* **PROBLEM TO WORK ON**
The expected result is an exact restatement of the data, free of pictures.

* **SOURCE RECORDS**
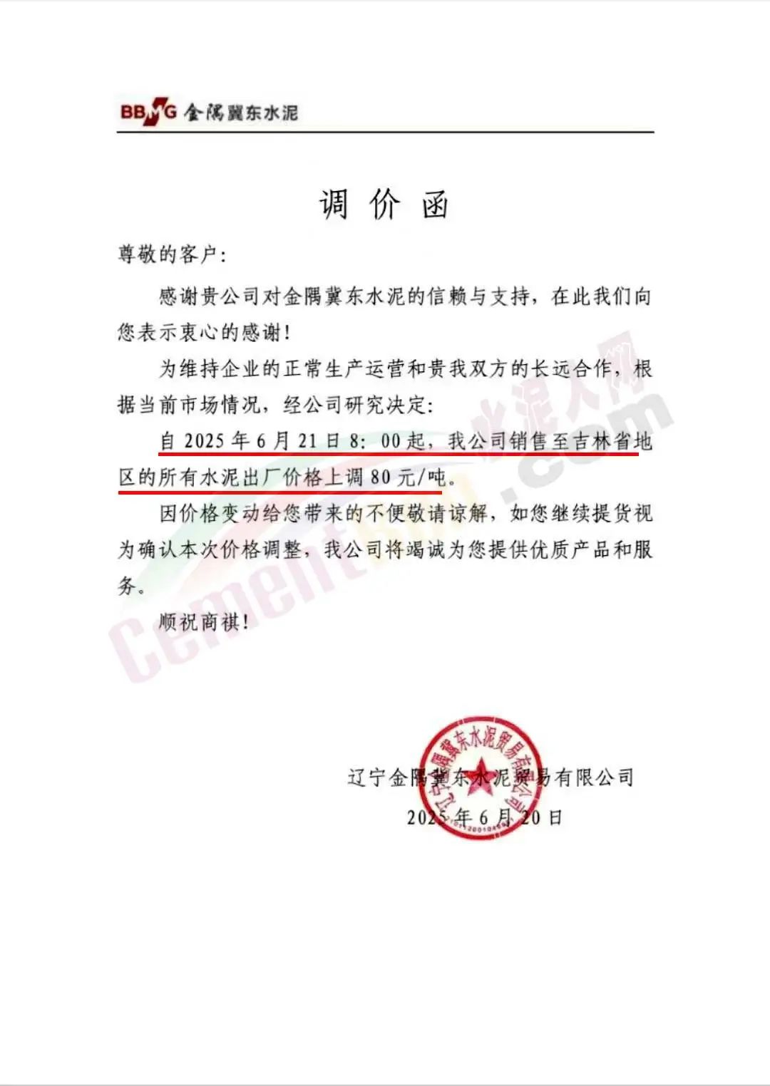 遼寧金隅冀東水泥貿(mào)易有限公司通知稱,為維持企業(yè)的正常生產(chǎn)運(yùn)營,根據(jù)當(dāng)前市場情況,經(jīng)公司研究決定,自2025年6月21日8時(shí)起,公司銷售至吉林省地區(qū)的所有水泥出廠價(jià)格上調(diào)80元/噸。
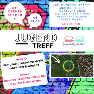 Nach den Pfingstferien öffnen wir den Jugendtreff am Mehrgenerationen Haus in Seßlach am Sportplatz. Immer Dienstags von 17:00 bis 20:00 Uhr können alle Kids und Jugendliche ab 9 Jahren vorbeikommen. Das Programm dürft ihr mitgestalten. Kommt vorbei, wir freuen uns auf euch.
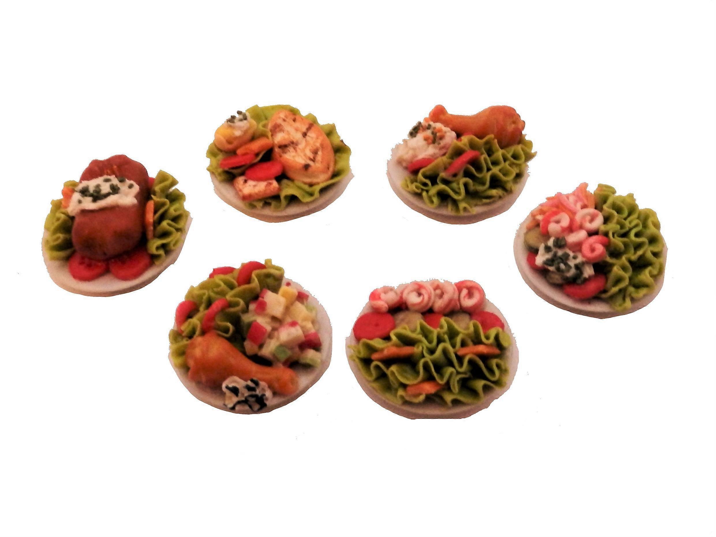 Dolls House 6 Salad Meals Dinner On Plates Dining Room Accessory
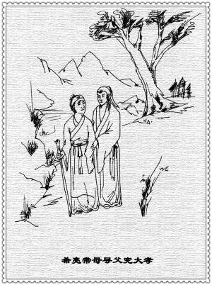 终于趁着混乱之际,希亮拉着母亲逃了出来。在逃难的路上,希亮体贴母亲年纪大,买来甘美食物孝敬母亲,自己吃些野菜野果充饥;赶路途中,更是嘘寒问暖,小心谨慎照顾母亲。白天,母亲在灼人的太阳下,走路艰难,希亮就背着母亲,一步一步地往前走。鞋子走破了,脚板磨出了水泡,砂石一硌痛入心肝,希亮从不抱怨一声。
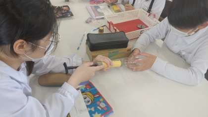 6年生が理科で実験に取り組んでいます。「ものが燃えるときの空気の変化」の学習です。
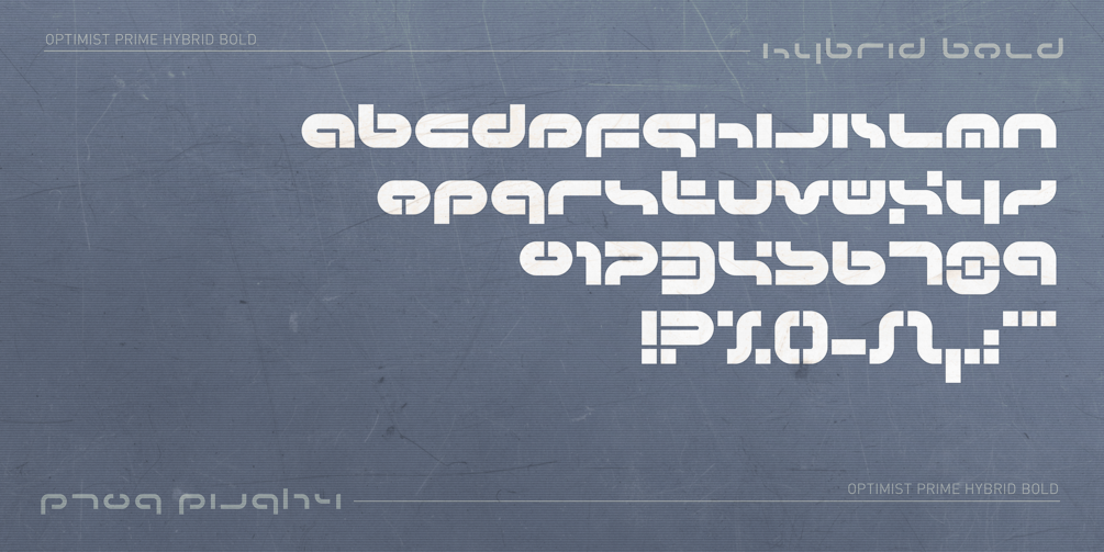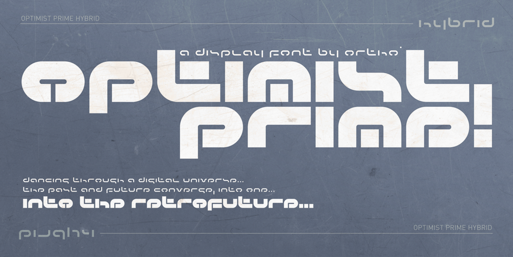 Optimist Prime! Hybrid flexes the rounded corners of the original, and introduces flat/box capped stroke terminals; elegantly balancing between the original Optimist Prime! and its alternate version, OP! Angular.
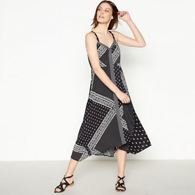 Black Boho Print Hanky Hem Midi Dress principles midi dresses
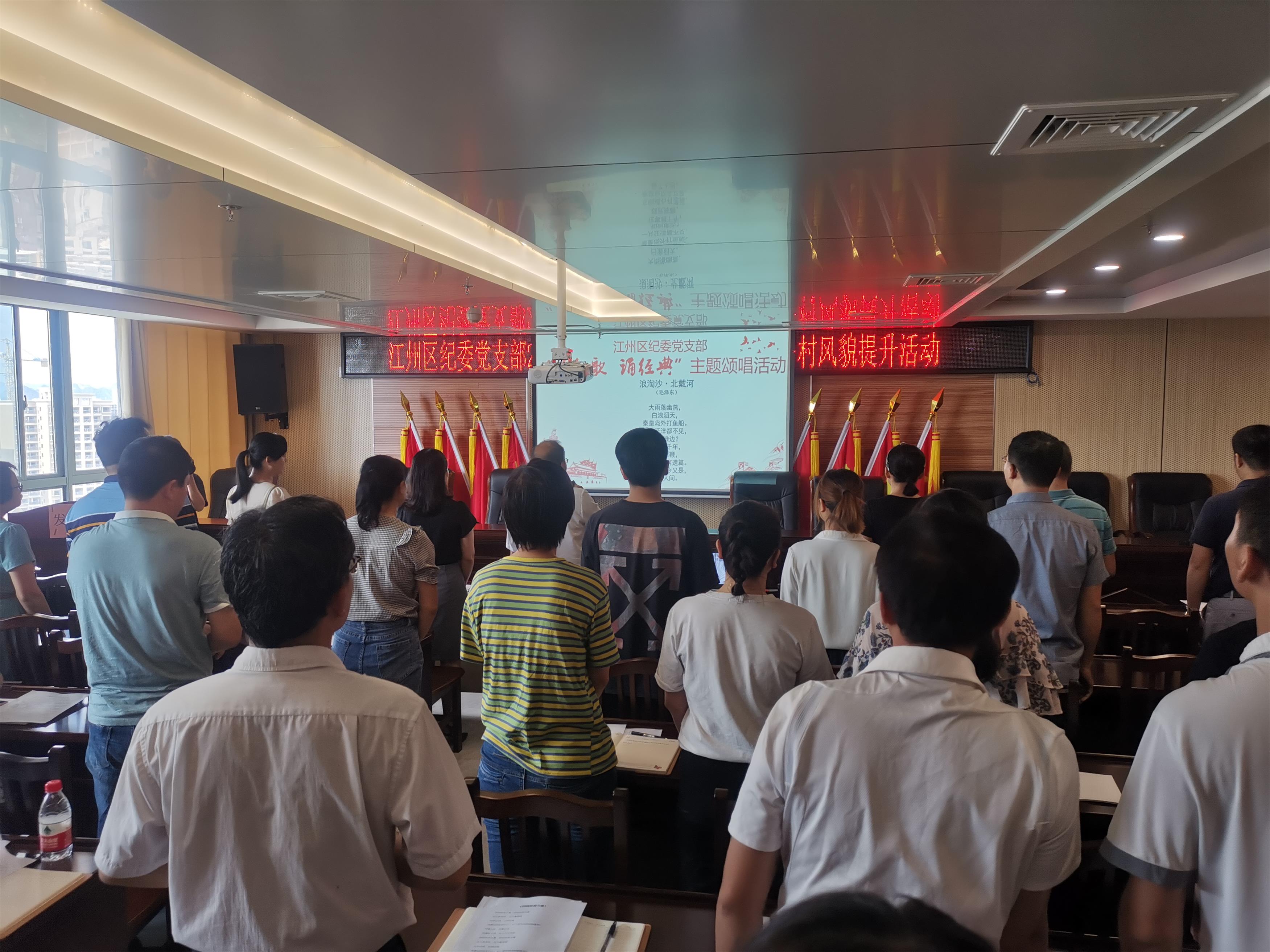 团结就是力量,这力量是铁,这力量是钢……”“大雨落幽燕,白浪滔天,秦皇岛外打鱼船,一片汪洋都不见……”在激昂的歌声和朗诵声中,江州区纪委党支部8月份的“固定党日+”活动拉开了序幕。
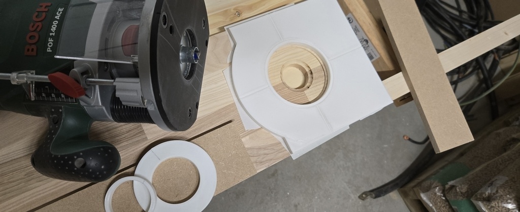 Je réalise donc des gabarits pour la défonceuse, une cale à poncer pour le gros quart de rond de D=125 mm.
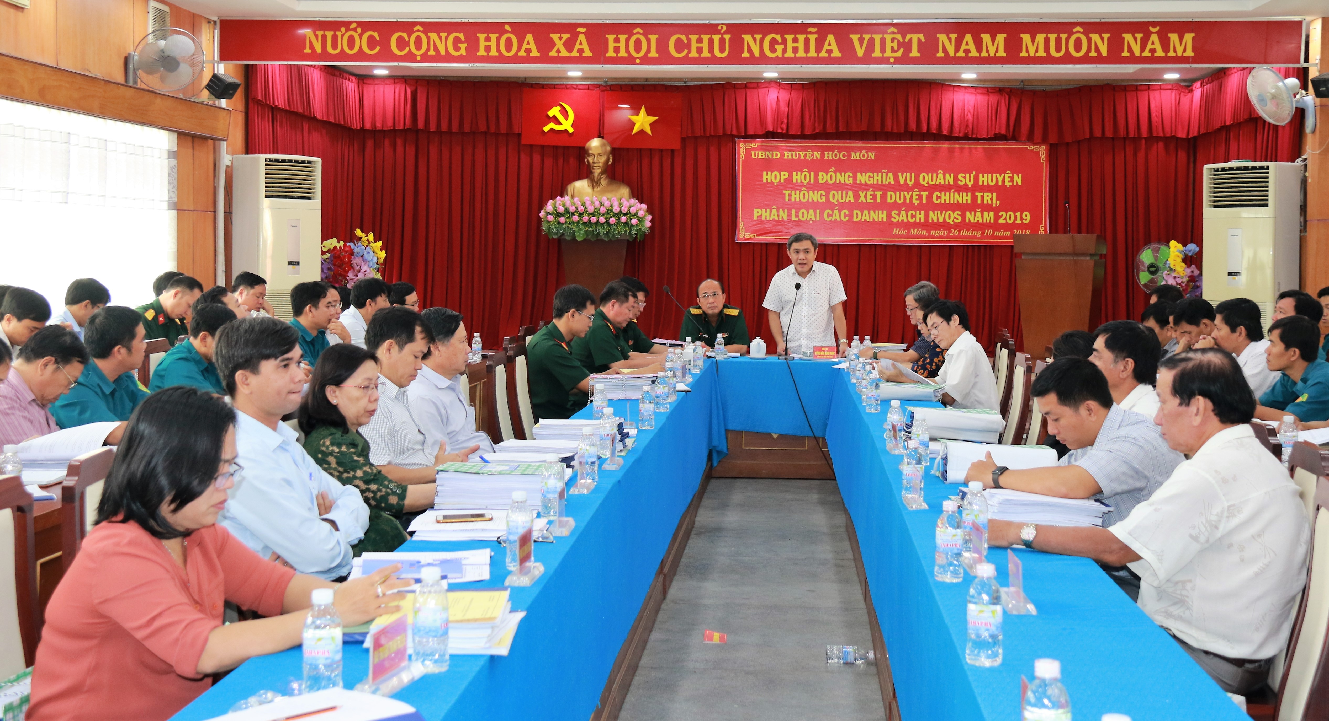 Kết luận hội nghị, đồng chí Huỳnh Văn Hồng Ngọc, Phó Bí thư Huyện ủy, Chủ tịch UBND huyện đề nghị Hội đồng nghĩa vụ quân sự huyện, xã - thị trấn cần chủ động phối hợp chặt chẽ với các ban, ngành, đoàn thể nắm chắc và quản lý nguồn thanh niên sẵn sàng nhập ngũ, làm tốt công tác sơ tuyển đảm bảo đúng độ tuổi, nghề nghiệp, công việc, trình độ để chủ động trong quá trình tuyển chọn gọi công dân nhập ngũ cũng như việc đảm bảo công tác tuyển quân đúng luật, đúng quy trình. Tiếp tục đẩy mạnh công tác tuyên truyền sâu rộng Luật Nghĩa vụ quân sự đến với quần chúng nhân dân, đôn đốc, nhắc nhở, động viên các thanh niên và gia đình có con em nằm trong diện gọi khám tuyển nghĩa vụ quân sự thực hiện tốt nghĩa vụ công dân trong xây dựng và bảo vệ Tổ quốc.
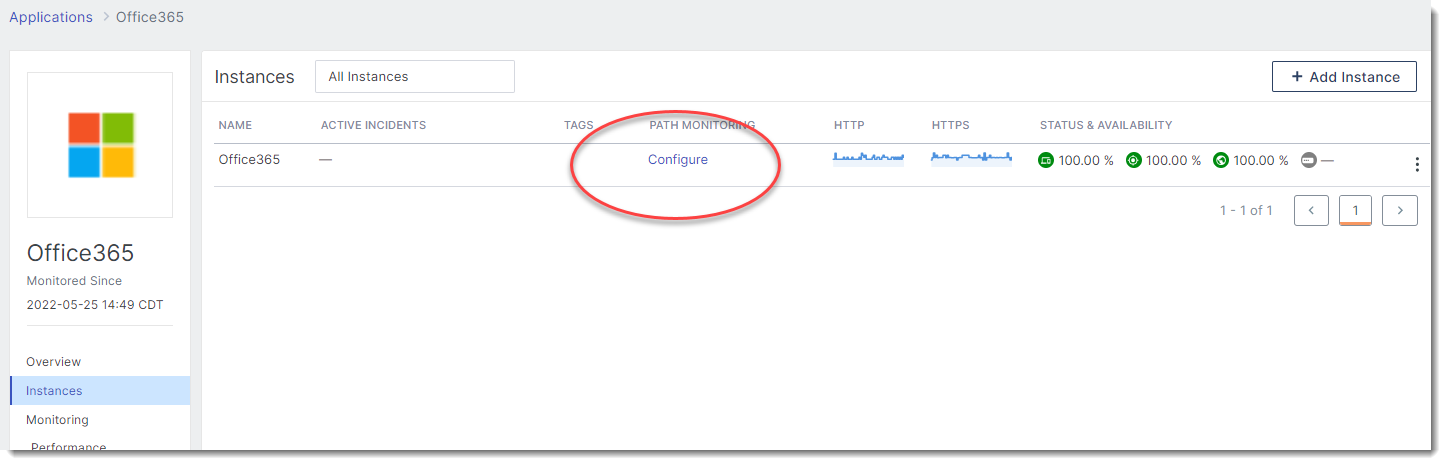 4. Choose the instance that you want to update then click the Path Monitoring link. Configure. The configuration drawer will slide out.
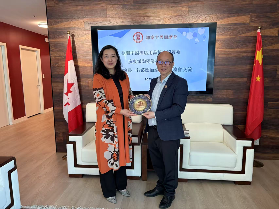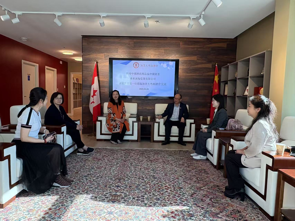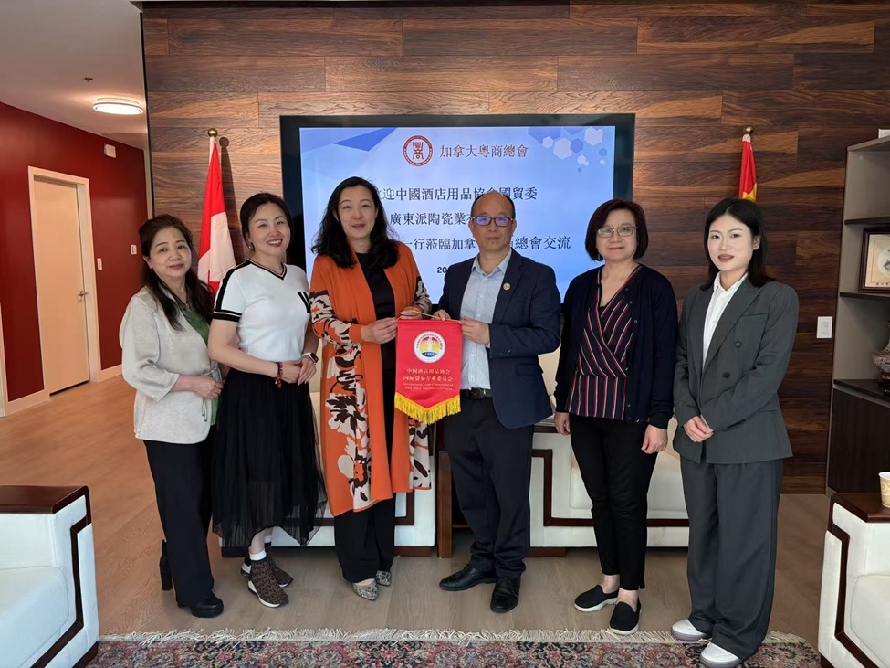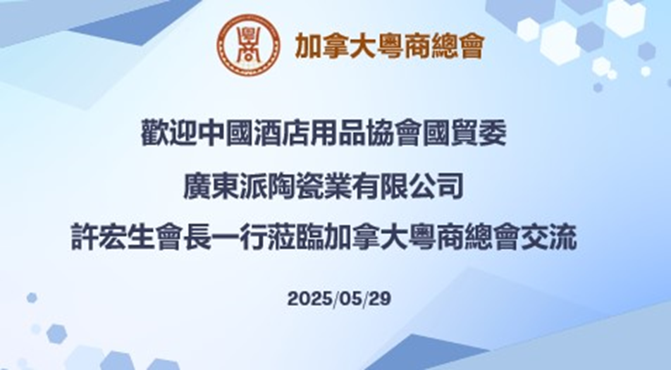2025年5月29日,中國酒店用品協會國貿委及廣東派陶瓷業有限公司許宏生會長和廣東派陶PITO海外事業部負責人盧津一行蒞臨加拿大粵商總會進行友好交流。此次交流會在加拿大粵商總會辦公樓舉行。加拿大粵商總會執行會長莊曉爚熱情接待了許宏生會長一行,商會會員單位代表Angela和吳虹儀及廣東省駐加拿大(溫哥華)經貿代表處首席代表林艷秋也出席了交流會。

* **ANSWER AREA**
 遼寧金隅冀東水泥貿(mào)易有限公司通知稱,為維持企業(yè)的正常生產(chǎn)運(yùn)營,根據(jù)當(dāng)前市場情況,經(jīng)公司研究決定,自2025年6月21日8時(shí)起,公司銷售至吉林省地區(qū)的所有水泥出廠價(jià)格上調(diào)80元/噸。
 Nach den Pfingstferien öffnen wir den Jugendtreff am Mehrgenerationen Haus in Seßlach am Sportplatz. Immer Dienstags von 17:00 bis 20:00 Uhr können alle Kids und Jugendliche ab 9 Jahren vorbeikommen. Das Programm dürft ihr mitgestalten. Kommt vorbei, wir freuen uns auf euch.
 Dolls House 6 Salad Meals Dinner On Plates Dining Room Accessory
 终于趁着混乱之际,希亮拉着母亲逃了出来。在逃难的路上,希亮体贴母亲年纪大,买来甘美食物孝敬母亲,自己吃些野菜野果充饥;赶路途中,更是嘘寒问暖,小心谨慎照顾母亲。白天,母亲在灼人的太阳下,走路艰难,希亮就背着母亲,一步一步地往前走。鞋子走破了,脚板磨出了水泡,砂石一硌痛入心肝,希亮从不抱怨一声。
 6年生が理科で実験に取り組んでいます。「ものが燃えるときの空気の変化」の学習です。
 Optimist Prime! Hybrid flexes the rounded corners of the original, and introduces flat/box capped stroke terminals; elegantly balancing between the original Optimist Prime! and its alternate version, OP! Angular.
 Black Boho Print Hanky Hem Midi Dress principles midi dresses
 团结就是力量,这力量是铁,这力量是钢……”“大雨落幽燕,白浪滔天,秦皇岛外打鱼船,一片汪洋都不见……”在激昂的歌声和朗诵声中,江州区纪委党支部8月份的“固定党日+”活动拉开了序幕。
 Je réalise donc des gabarits pour la défonceuse, une cale à poncer pour le gros quart de rond de D=125 mm.
 Kết luận hội nghị, đồng chí Huỳnh Văn Hồng Ngọc, Phó Bí thư Huyện ủy, Chủ tịch UBND huyện đề nghị Hội đồng nghĩa vụ quân sự huyện, xã - thị trấn cần chủ động phối hợp chặt chẽ với các ban, ngành, đoàn thể nắm chắc và quản lý nguồn thanh niên sẵn sàng nhập ngũ, làm tốt công tác sơ tuyển đảm bảo đúng độ tuổi, nghề nghiệp, công việc, trình độ để chủ động trong quá trình tuyển chọn gọi công dân nhập ngũ cũng như việc đảm bảo công tác tuyển quân đúng luật, đúng quy trình. Tiếp tục đẩy mạnh công tác tuyên truyền sâu rộng Luật Nghĩa vụ quân sự đến với quần chúng nhân dân, đôn đốc, nhắc nhở, động viên các thanh niên và gia đình có con em nằm trong diện gọi khám tuyển nghĩa vụ quân sự thực hiện tốt nghĩa vụ công dân trong xây dựng và bảo vệ Tổ quốc.
 4. Choose the instance that you want to update then click the Path Monitoring link. Configure. The configuration drawer will slide out.
2025年5月29日,中國酒店用品協會國貿委及廣東派陶瓷業有限公司許宏生會長和廣東派陶PITO海外事業部負責人盧津一行蒞臨加拿大粵商總會進行友好交流。此次交流會在加拿大粵商總會辦公樓舉行。加拿大粵商總會執行會長莊曉爚熱情接待了許宏生會長一行,商會會員單位代表Angela和吳虹儀及廣東省駐加拿大(溫哥華)經貿代表處首席代表林艷秋也出席了交流會。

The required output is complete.